### Provided data ###

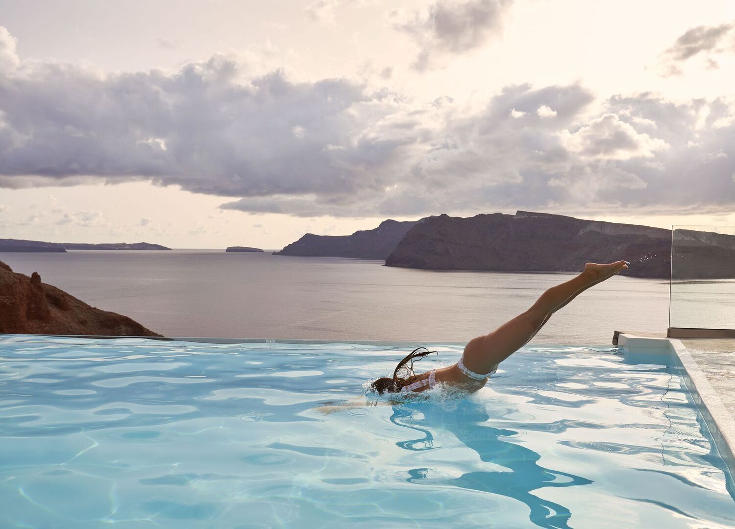 Guests can enjoy spectacular caldera views whilst taking a refreshing dip in the hotel’s main pool. As evening draws in, guests can admire Santorini’s famous sunset in the privacy of their suite’s veranda. Where style meets nature, these 16 luxury suites symbolize the typical Cycladic allure. Each suite boasts a private balcony with panoramic views, while some of the suites feature private outdoor Jacuzzi or private pool.
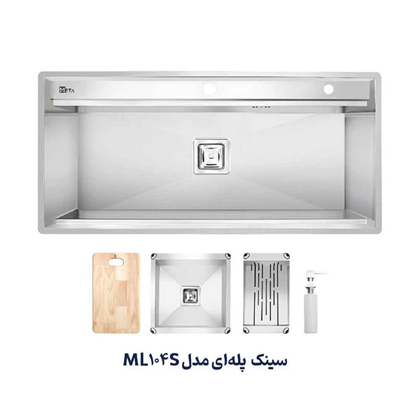 سینک توکار پله دار متا مدل ML104S دارای یک لگن است. ابعاد سینک 50*104 سانتیمتر و عمق لگن آن 25 سانتیمتر است. قبل از خرید سینک باید به فضای نصب آن توجه داشت و سینکی با ابعاد متناسب خریداری نمود. ضخامت ورق این سینک 1 میلیمتر است. این محصول دارای جامایع متصل بر روی سینک، تخته گوشت، میوه شور و لگن متحرک است. پله دار بودن این محصول از پاشش آب به بیرون از سینک و روی صفحه کابینت جلوگیری میکند و طول عمر صفحه را بالاتر میبرد.
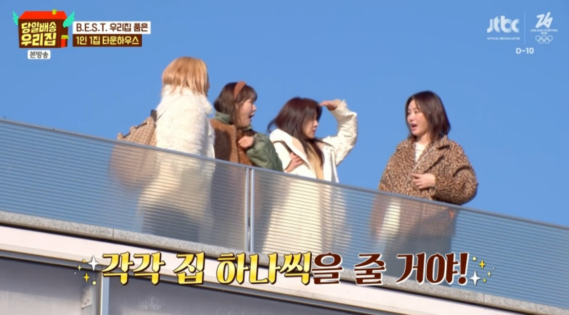 이후 멤버들은 모듈러 주택이 모여 있는 타운하우스로 이동했다. 가족이나 친구들과 이웃처럼 지낼 수 있는 집은 시청자들이 꼽은 ‘역대 최다 픽’ 로망이기도 했다. 김성령은 동생들을 위해 집을 하나씩 준비했고, 네 사람은 ‘1인 1집’이라는 로망에 설렘을 감추지 못했다.
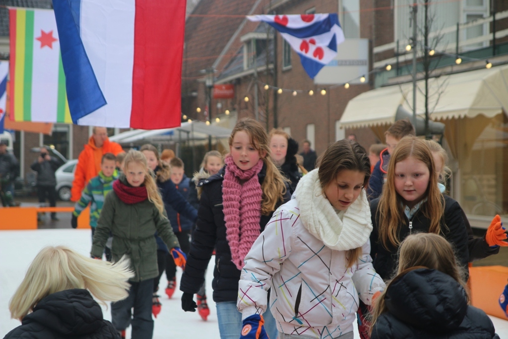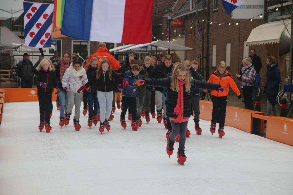 Reinier Paping ging een interactie aan met de schaatsers en vroeg hen o.a. te laten zien wat ze vanmorgen geleerd hadden. Door 24 kinderen werd er een schaatsdemo gegeven.
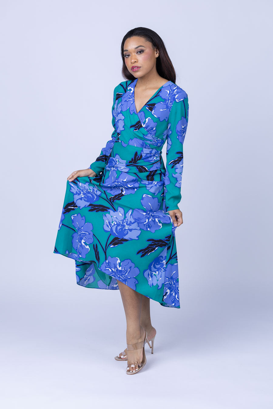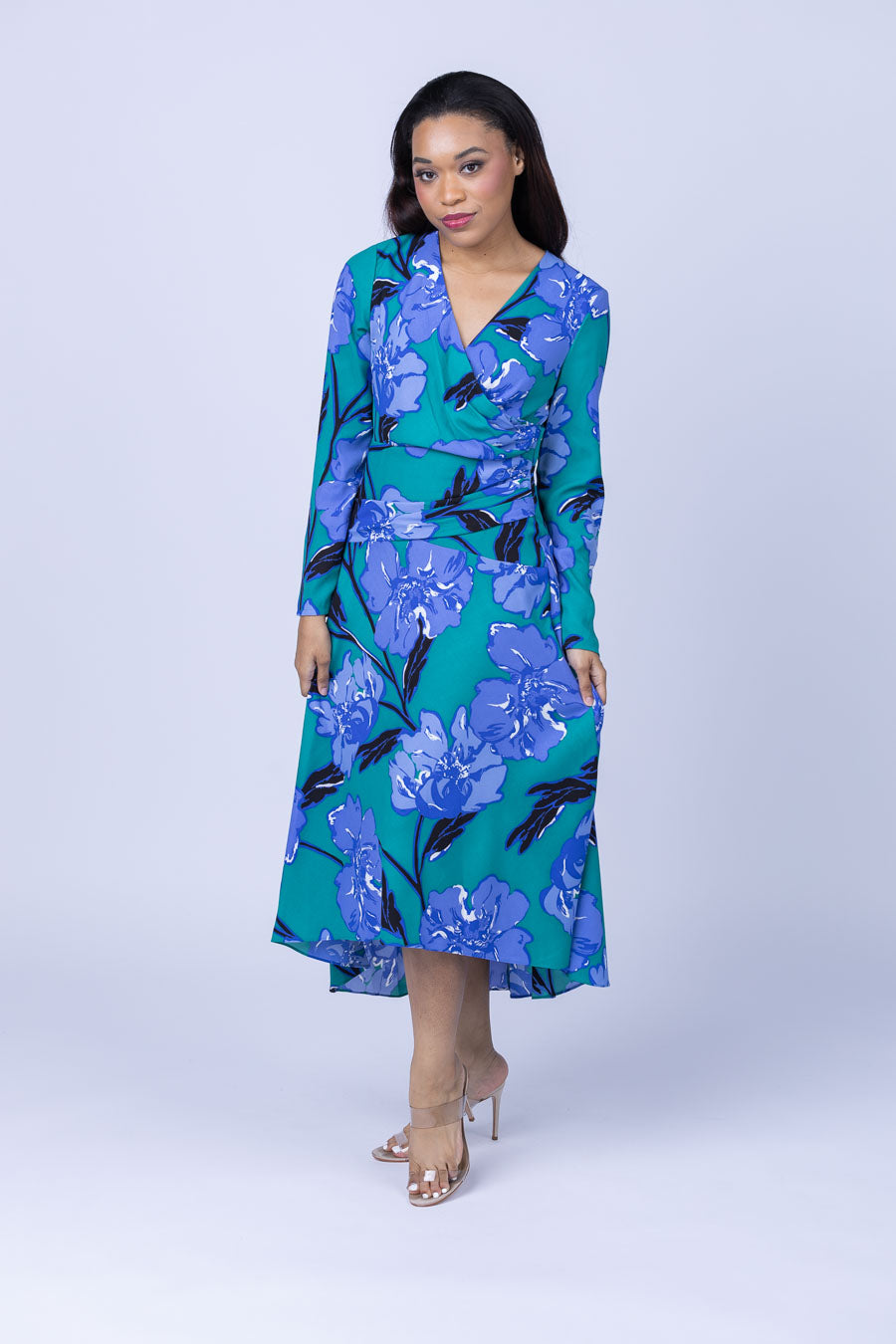 Feel the beauty of nature in the DVF Feronia Dress - a stunning statement piece in a vibrant Outline Floral pattern. With figure-flattering silhouettes and playful Blue Florals over a Green Crêpe backdrop, this dress will bring a hint of joy to your wardrobe. Ready to turn heads?

###

In the listing above, find the line with "سینک توکار پله" and the line with "Reinier Paping ging". Set down exactly those lines and everything between them, skipping pictures.

Solution for this task:
 سینک توکار پله دار متا مدل ML104S دارای یک لگن است. ابعاد سینک 50*104 سانتیمتر و عمق لگن آن 25 سانتیمتر است. قبل از خرید سینک باید به فضای نصب آن توجه داشت و سینکی با ابعاد متناسب خریداری نمود. ضخامت ورق این سینک 1 میلیمتر است. این محصول دارای جامایع متصل بر روی سینک، تخته گوشت، میوه شور و لگن متحرک است. پله دار بودن این محصول از پاشش آب به بیرون از سینک و روی صفحه کابینت جلوگیری میکند و طول عمر صفحه را بالاتر میبرد.
 이후 멤버들은 모듈러 주택이 모여 있는 타운하우스로 이동했다. 가족이나 친구들과 이웃처럼 지낼 수 있는 집은 시청자들이 꼽은 ‘역대 최다 픽’ 로망이기도 했다. 김성령은 동생들을 위해 집을 하나씩 준비했고, 네 사람은 ‘1인 1집’이라는 로망에 설렘을 감추지 못했다.
 Reinier Paping ging een interactie aan met de schaatsers en vroeg hen o.a. te laten zien wat ze vanmorgen geleerd hadden. Door 24 kinderen werd er een schaatsdemo gegeven.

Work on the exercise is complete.